#### What you need to do:
Each line in the material below, starting at the one that contains "Este cartão-postal apresenta" and ending at the one that contains "マンション自体は建物に囲まれ", should be repeated exactly; the pictures should not.

#### Material provided:
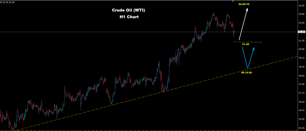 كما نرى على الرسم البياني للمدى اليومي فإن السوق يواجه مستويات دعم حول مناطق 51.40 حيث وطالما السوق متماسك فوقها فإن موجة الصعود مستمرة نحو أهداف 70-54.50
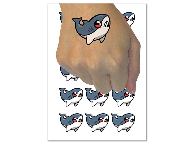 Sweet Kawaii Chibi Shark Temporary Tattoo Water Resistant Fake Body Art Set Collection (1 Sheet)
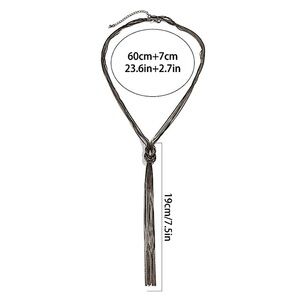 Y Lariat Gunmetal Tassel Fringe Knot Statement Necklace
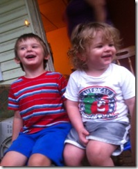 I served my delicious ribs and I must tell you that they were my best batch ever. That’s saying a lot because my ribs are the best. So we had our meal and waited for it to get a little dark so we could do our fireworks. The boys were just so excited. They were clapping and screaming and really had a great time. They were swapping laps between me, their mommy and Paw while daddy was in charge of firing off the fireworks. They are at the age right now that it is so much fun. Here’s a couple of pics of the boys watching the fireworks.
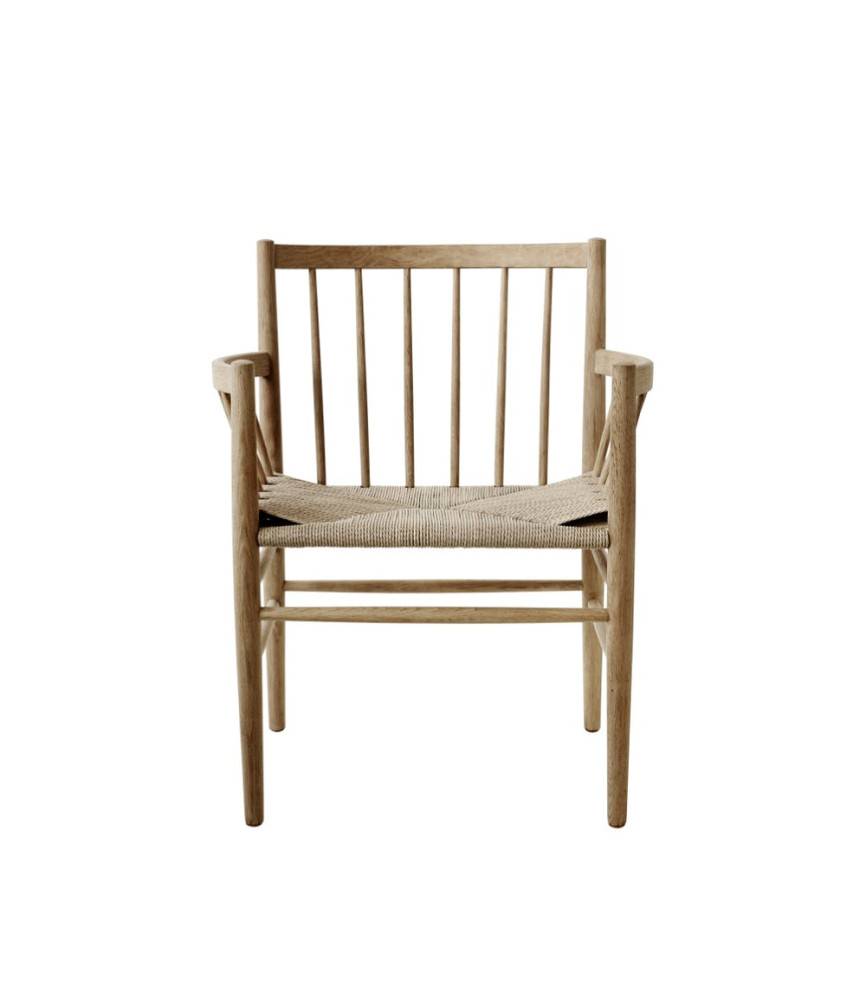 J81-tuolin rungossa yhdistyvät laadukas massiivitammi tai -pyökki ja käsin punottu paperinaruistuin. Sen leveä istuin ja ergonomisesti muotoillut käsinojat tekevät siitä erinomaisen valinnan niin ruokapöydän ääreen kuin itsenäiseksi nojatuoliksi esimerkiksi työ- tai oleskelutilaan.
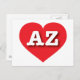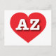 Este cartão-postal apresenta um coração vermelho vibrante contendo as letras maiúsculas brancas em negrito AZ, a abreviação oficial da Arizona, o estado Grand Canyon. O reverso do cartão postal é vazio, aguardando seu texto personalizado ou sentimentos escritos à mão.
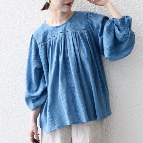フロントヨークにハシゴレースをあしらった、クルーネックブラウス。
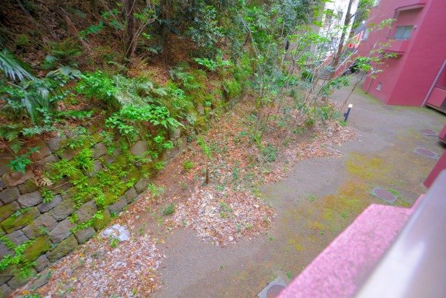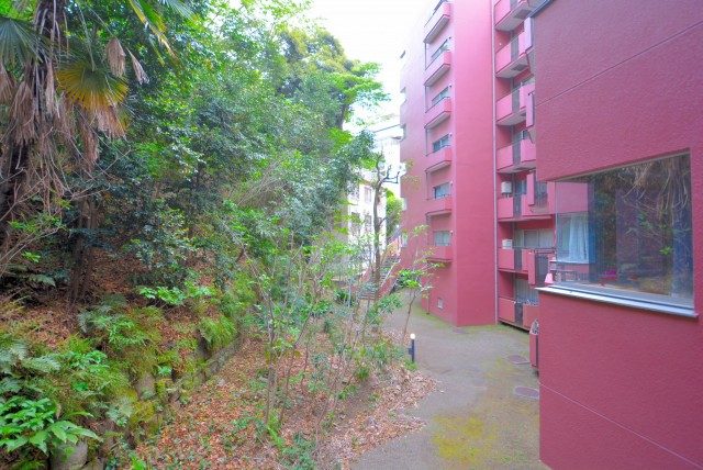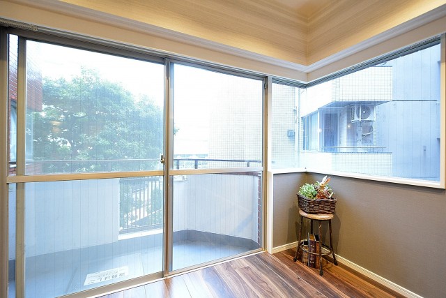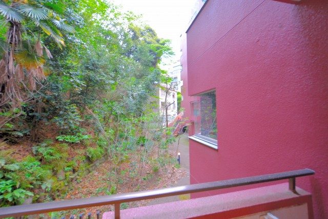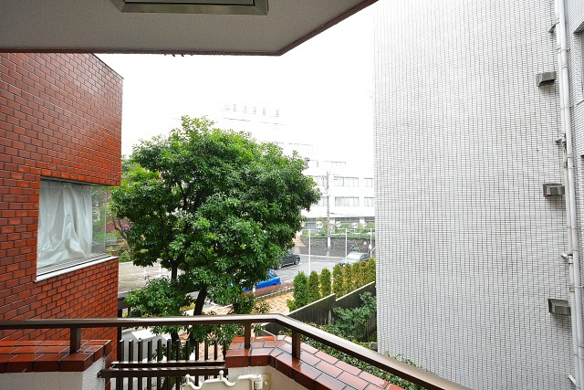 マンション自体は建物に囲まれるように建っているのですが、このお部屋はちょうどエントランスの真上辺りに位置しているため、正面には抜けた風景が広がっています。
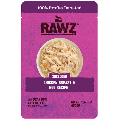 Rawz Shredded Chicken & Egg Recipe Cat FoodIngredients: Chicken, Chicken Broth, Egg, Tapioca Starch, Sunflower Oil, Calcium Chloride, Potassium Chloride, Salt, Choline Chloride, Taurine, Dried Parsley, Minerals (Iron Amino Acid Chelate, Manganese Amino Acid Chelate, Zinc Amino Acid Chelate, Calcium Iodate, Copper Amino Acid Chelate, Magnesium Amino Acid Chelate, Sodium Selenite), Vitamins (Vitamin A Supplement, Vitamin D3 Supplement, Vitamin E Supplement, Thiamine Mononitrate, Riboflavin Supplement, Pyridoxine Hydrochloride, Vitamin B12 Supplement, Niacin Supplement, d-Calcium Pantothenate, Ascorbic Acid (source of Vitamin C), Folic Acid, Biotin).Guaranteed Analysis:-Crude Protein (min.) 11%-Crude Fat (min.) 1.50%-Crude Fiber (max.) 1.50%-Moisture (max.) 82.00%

...

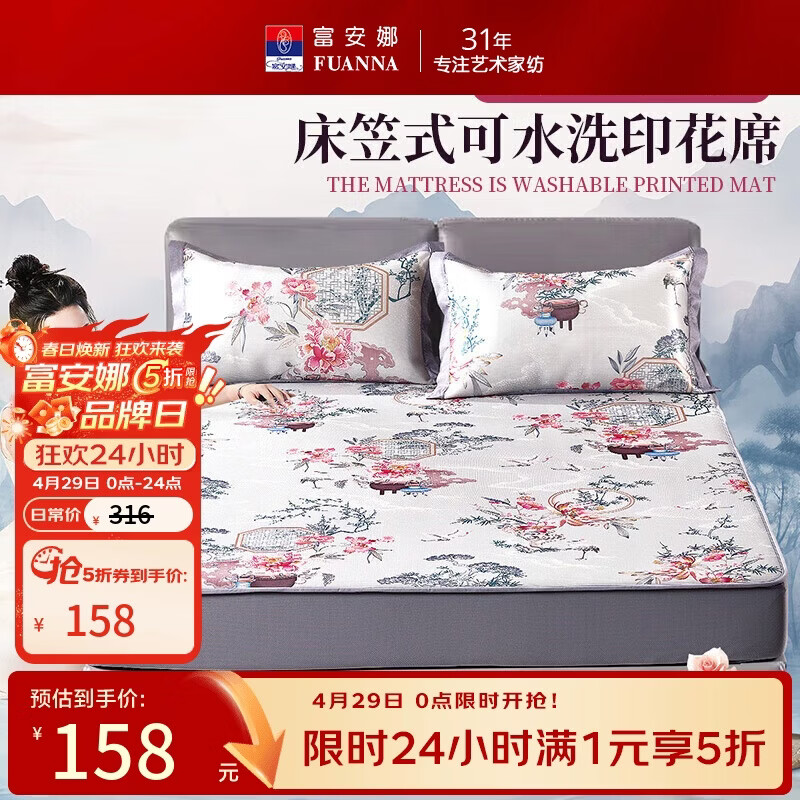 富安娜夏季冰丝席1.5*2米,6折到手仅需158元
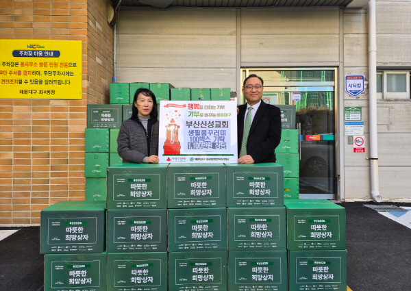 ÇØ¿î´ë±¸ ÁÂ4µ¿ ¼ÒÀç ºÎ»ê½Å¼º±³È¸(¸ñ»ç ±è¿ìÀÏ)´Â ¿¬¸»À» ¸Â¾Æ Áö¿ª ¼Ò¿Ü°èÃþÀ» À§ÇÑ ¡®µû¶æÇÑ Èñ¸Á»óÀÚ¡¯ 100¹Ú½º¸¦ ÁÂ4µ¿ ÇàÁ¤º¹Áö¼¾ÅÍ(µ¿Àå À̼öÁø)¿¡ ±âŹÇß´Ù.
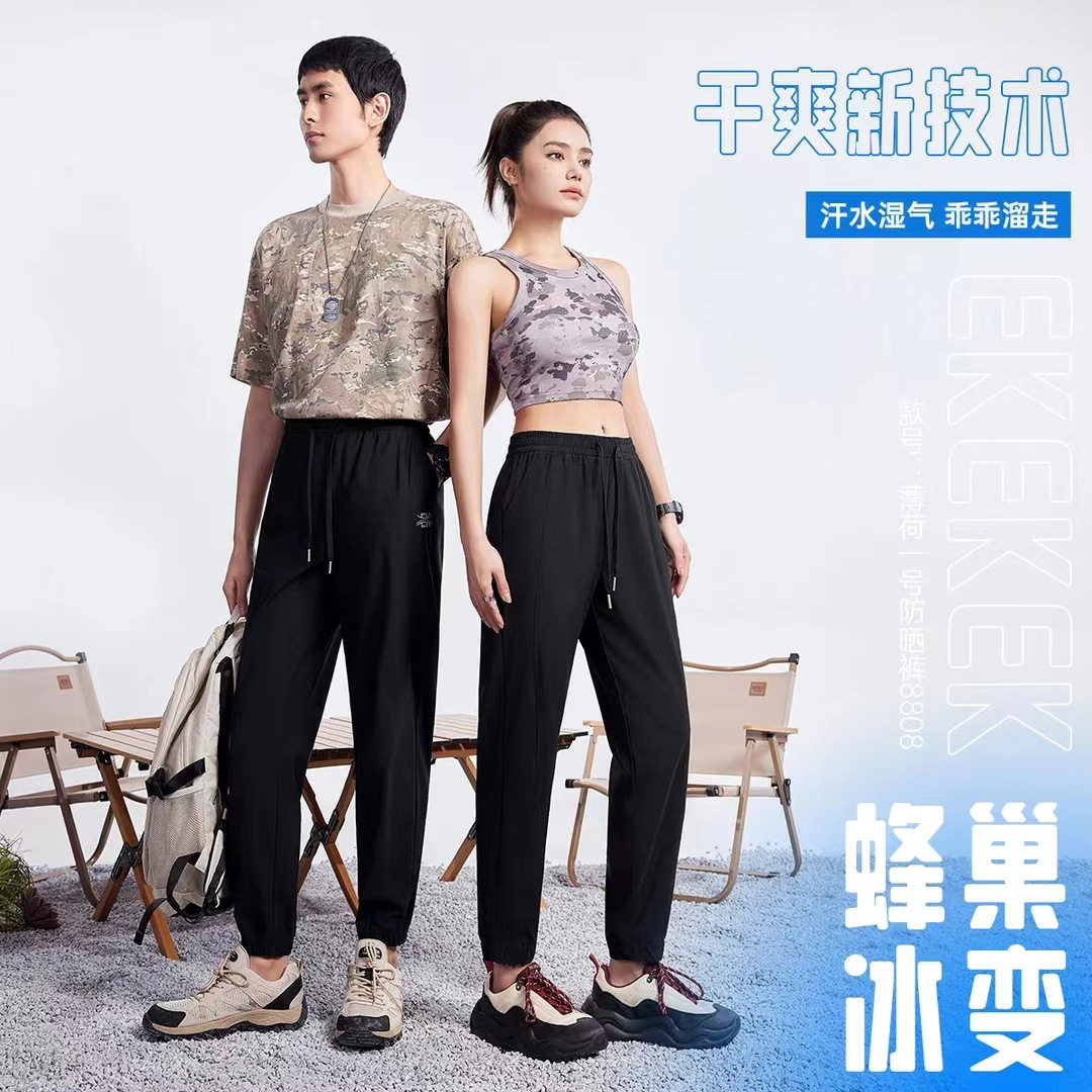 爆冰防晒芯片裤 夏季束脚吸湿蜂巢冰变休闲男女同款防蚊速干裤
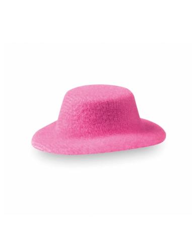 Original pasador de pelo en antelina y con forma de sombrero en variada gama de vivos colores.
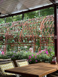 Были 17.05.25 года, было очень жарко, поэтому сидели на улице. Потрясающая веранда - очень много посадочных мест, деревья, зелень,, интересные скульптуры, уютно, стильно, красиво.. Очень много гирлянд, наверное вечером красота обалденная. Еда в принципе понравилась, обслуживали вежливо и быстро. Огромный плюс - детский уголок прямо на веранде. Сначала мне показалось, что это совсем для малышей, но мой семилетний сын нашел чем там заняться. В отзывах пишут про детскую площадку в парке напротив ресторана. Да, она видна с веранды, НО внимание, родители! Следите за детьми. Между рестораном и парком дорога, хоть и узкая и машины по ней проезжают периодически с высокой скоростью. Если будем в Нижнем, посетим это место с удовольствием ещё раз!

#### Output for this exercise:
 Este cartão-postal apresenta um coração vermelho vibrante contendo as letras maiúsculas brancas em negrito AZ, a abreviação oficial da Arizona, o estado Grand Canyon. O reverso do cartão postal é vazio, aguardando seu texto personalizado ou sentimentos escritos à mão.
フロントヨークにハシゴレースをあしらった、クルーネックブラウス。
 マンション自体は建物に囲まれるように建っているのですが、このお部屋はちょうどエントランスの真上辺りに位置しているため、正面には抜けた風景が広がっています。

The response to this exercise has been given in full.